Your objective: Give the data back exactly. Leave out any images.

Collected data:

- - - - -

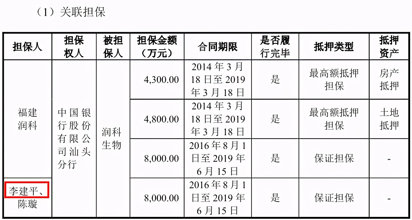 但是在服刑期间,李建平也很忙碌。2016年8月1日至2019年6月15日期间,润科生物向中国银行股份有限公司汕头分行签订了两份借款合同,金额均为8,000万元。两份合同的担保人均包含李建平、陈璇夫妇,贷款抵押类型为保证担保。这中间的2016年8月1日至2017年2月26日还是李建平的服刑期间。
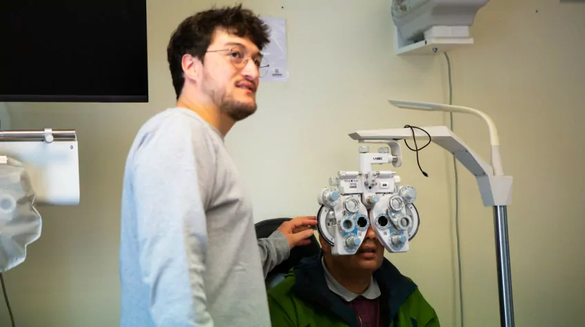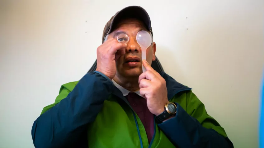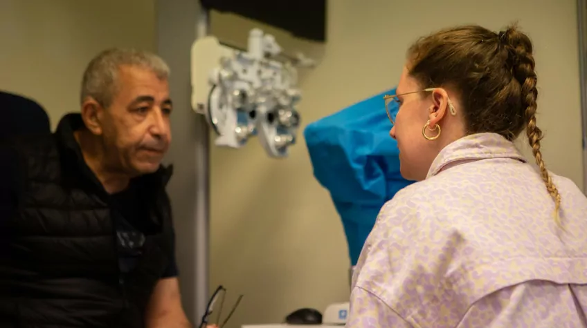 Avant de commencer la visite, quelques questions sont nécessaires. Nikita demande ainsi à un bénéficiaire : « Quel est votre nom ? », « Qu’est-ce que vous faites dans la vie ? », « Comment vous sentez-vous avec vos lunettes actuelles ? », etc. Mustapha, 61 ans, retraité mais toujours actif, se prête au jeu des questions réponses.
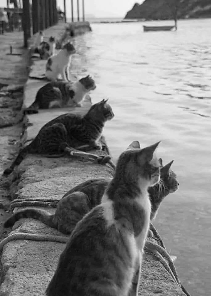 Коментара към тази снимка беше, че това са котки чакащи да се завърнат на пристанището рибарските лодки 😁.
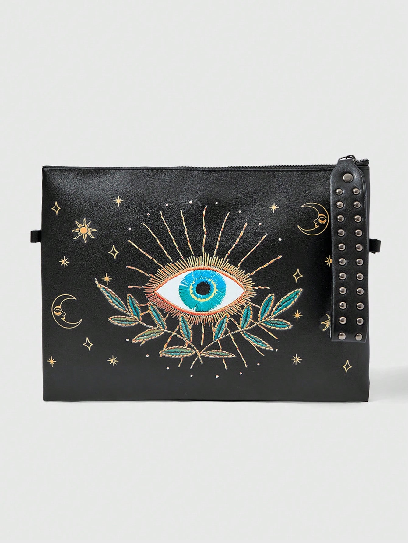 Fairycore 1pc Women's Clutch Bag With Eye, Vine, Sun, Moon & Star Pattern
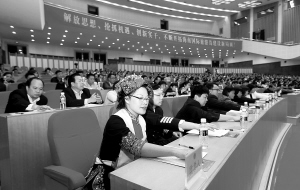 | 2月25日,海南省第四届人民代表大会第四次会议圆满完成各项议程,在省人大会堂闭幕。图为闭幕大会上的少数民族代表按电子表决器。 本报记者 宋国强 摄
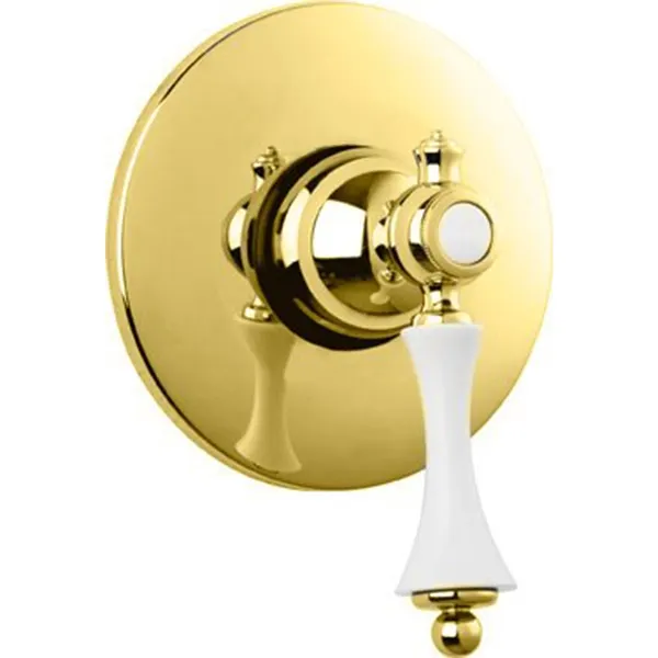 Настенный смеситель для душа Cezares Margot MARGOT-DIM-03/24-Bi однорычажный, встраиваемый в одно отверстие.Технические данные: Цвет: золото 24 карата. Цвет ручки: белый. Материал: латунь. Механизм: керамический картридж. Стандарт подключения: G 1/2. Рабочий интервал давления: 0,5-6 Атм. В комплекте поставки: внешняя часть смесителя; внутренняя часть смесителя; комплект креплений.
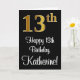 Este elegante, sofisticado y lujoso diseño de tarjetas de felicitación de cumpleaños presenta un gran número ordinal "13th" que tiene un patrón de gradiente inspirado en el oro imitación/faux, junto con el mensaje de bienvenida de cumpleaños "Happy 13th Birthday", y un nombre personalizado en un tipo de letra estilo script en el frente. También tiene un fondo de color negro en la parte delantera. El interior tiene un mensaje personalizado de bienvenida de cumpleaños, o tal vez podría ser borrado y dejado en blanco si se va a escribir un mensaje a mano. Una elegante tarjeta de felicitación de cumpleaños de personalizable como esta podría enviarse para celebrar el decimotercer cumpleaños de alguien. [~Z0000518]
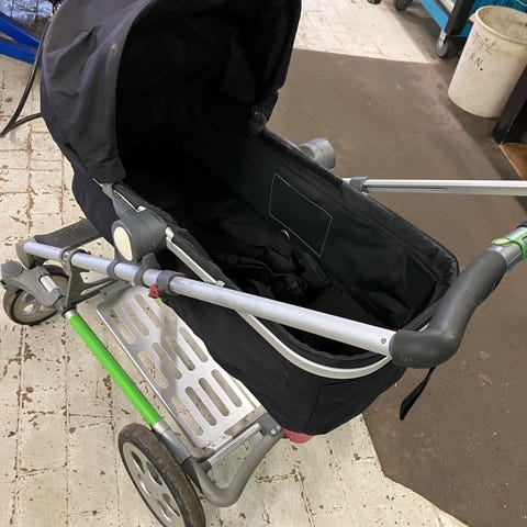 New. The sleeping wagon is brand new never used . It’s a perfect combination for travelling around and transport in car. The trolly frame needs some cleaning.
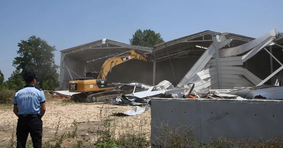 Nilüfer Belediyesi kaçak olarak inşa edilen yapılarla mücadelesini sürdürüyor. Yapı Kontrol Müdürlüğü’ne bağlı ekipler tarafından ruhsatsız yapılar yıkılıyor. Nilüfer Belediyesi yıkım ekipleri tarafından Tahtalı Mahallesi’nde verimli tarım alanları üzerine inşa edilen 1400 metrekare ve 800 metrekarelik iki yapı yerle bir edildi. Çevik kuvvet ve zabıta ekiplerinin de geniş güvenlik önlemleri aldığı yıkımda herhangi bir olumsuzluk yaşanmadı.
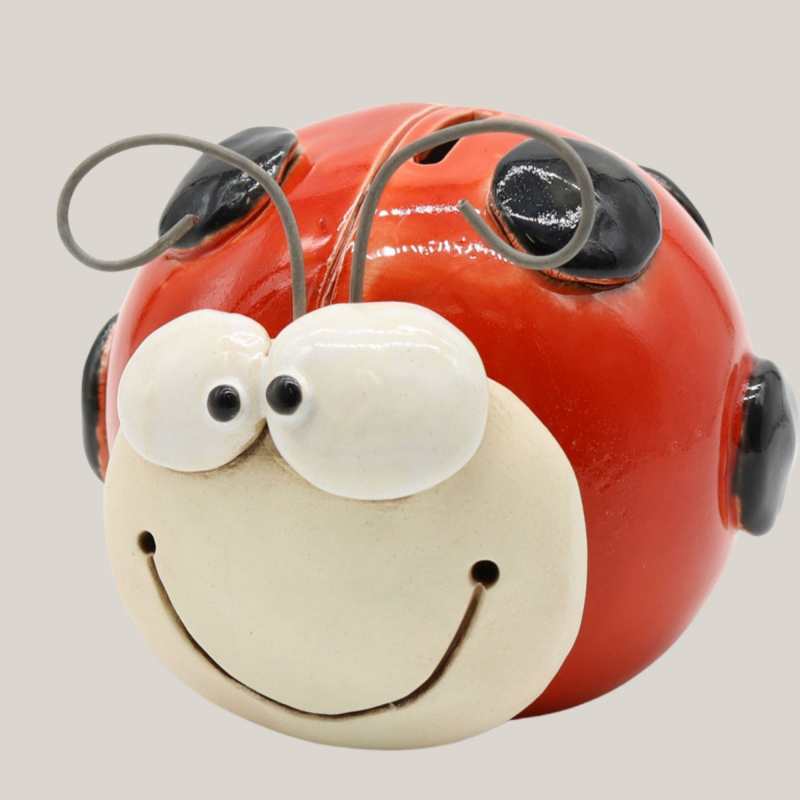 Spardose „Marienkäfer“ – 9 cm große, fröhliche Keramikfigur in Rot . Perfekt als lustige Geldgeschenk-Idee oder originelle Deko.
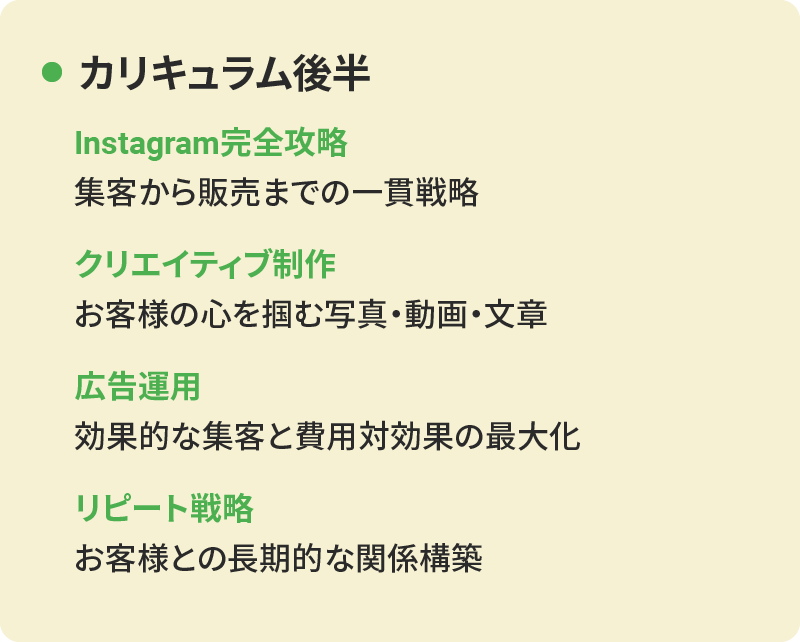 ただ、学習と同時に課題の作成や 実際の仕入れ計画や、集客導線の改善など「実務」も進めていただく形になりますので、そのお時間も確保していただけると成果が出やすいです。

- - - - -

Answer box:
 但是在服刑期间,李建平也很忙碌。2016年8月1日至2019年6月15日期间,润科生物向中国银行股份有限公司汕头分行签订了两份借款合同,金额均为8,000万元。两份合同的担保人均包含李建平、陈璇夫妇,贷款抵押类型为保证担保。这中间的2016年8月1日至2017年2月26日还是李建平的服刑期间。
 Avant de commencer la visite, quelques questions sont nécessaires. Nikita demande ainsi à un bénéficiaire : « Quel est votre nom ? », « Qu’est-ce que vous faites dans la vie ? », « Comment vous sentez-vous avec vos lunettes actuelles ? », etc. Mustapha, 61 ans, retraité mais toujours actif, se prête au jeu des questions réponses.
 Коментара към тази снимка беше, че това са котки чакащи да се завърнат на пристанището рибарските лодки 😁.
 Fairycore 1pc Women's Clutch Bag With Eye, Vine, Sun, Moon & Star Pattern
 | 2月25日,海南省第四届人民代表大会第四次会议圆满完成各项议程,在省人大会堂闭幕。图为闭幕大会上的少数民族代表按电子表决器。 本报记者 宋国强 摄
 Настенный смеситель для душа Cezares Margot MARGOT-DIM-03/24-Bi однорычажный, встраиваемый в одно отверстие.Технические данные: Цвет: золото 24 карата. Цвет ручки: белый. Материал: латунь. Механизм: керамический картридж. Стандарт подключения: G 1/2. Рабочий интервал давления: 0,5-6 Атм. В комплекте поставки: внешняя часть смесителя; внутренняя часть смесителя; комплект креплений.
 Este elegante, sofisticado y lujoso diseño de tarjetas de felicitación de cumpleaños presenta un gran número ordinal "13th" que tiene un patrón de gradiente inspirado en el oro imitación/faux, junto con el mensaje de bienvenida de cumpleaños "Happy 13th Birthday", y un nombre personalizado en un tipo de letra estilo script en el frente. También tiene un fondo de color negro en la parte delantera. El interior tiene un mensaje personalizado de bienvenida de cumpleaños, o tal vez podría ser borrado y dejado en blanco si se va a escribir un mensaje a mano. Una elegante tarjeta de felicitación de cumpleaños de personalizable como esta podría enviarse para celebrar el decimotercer cumpleaños de alguien. [~Z0000518]
 New. The sleeping wagon is brand new never used . It’s a perfect combination for travelling around and transport in car. The trolly frame needs some cleaning.
 Nilüfer Belediyesi kaçak olarak inşa edilen yapılarla mücadelesini sürdürüyor. Yapı Kontrol Müdürlüğü’ne bağlı ekipler tarafından ruhsatsız yapılar yıkılıyor. Nilüfer Belediyesi yıkım ekipleri tarafından Tahtalı Mahallesi’nde verimli tarım alanları üzerine inşa edilen 1400 metrekare ve 800 metrekarelik iki yapı yerle bir edildi. Çevik kuvvet ve zabıta ekiplerinin de geniş güvenlik önlemleri aldığı yıkımda herhangi bir olumsuzluk yaşanmadı.
 Spardose „Marienkäfer“ – 9 cm große, fröhliche Keramikfigur in Rot . Perfekt als lustige Geldgeschenk-Idee oder originelle Deko.
 ただ、学習と同時に課題の作成や 実際の仕入れ計画や、集客導線の改善など「実務」も進めていただく形になりますので、そのお時間も確保していただけると成果が出やすいです。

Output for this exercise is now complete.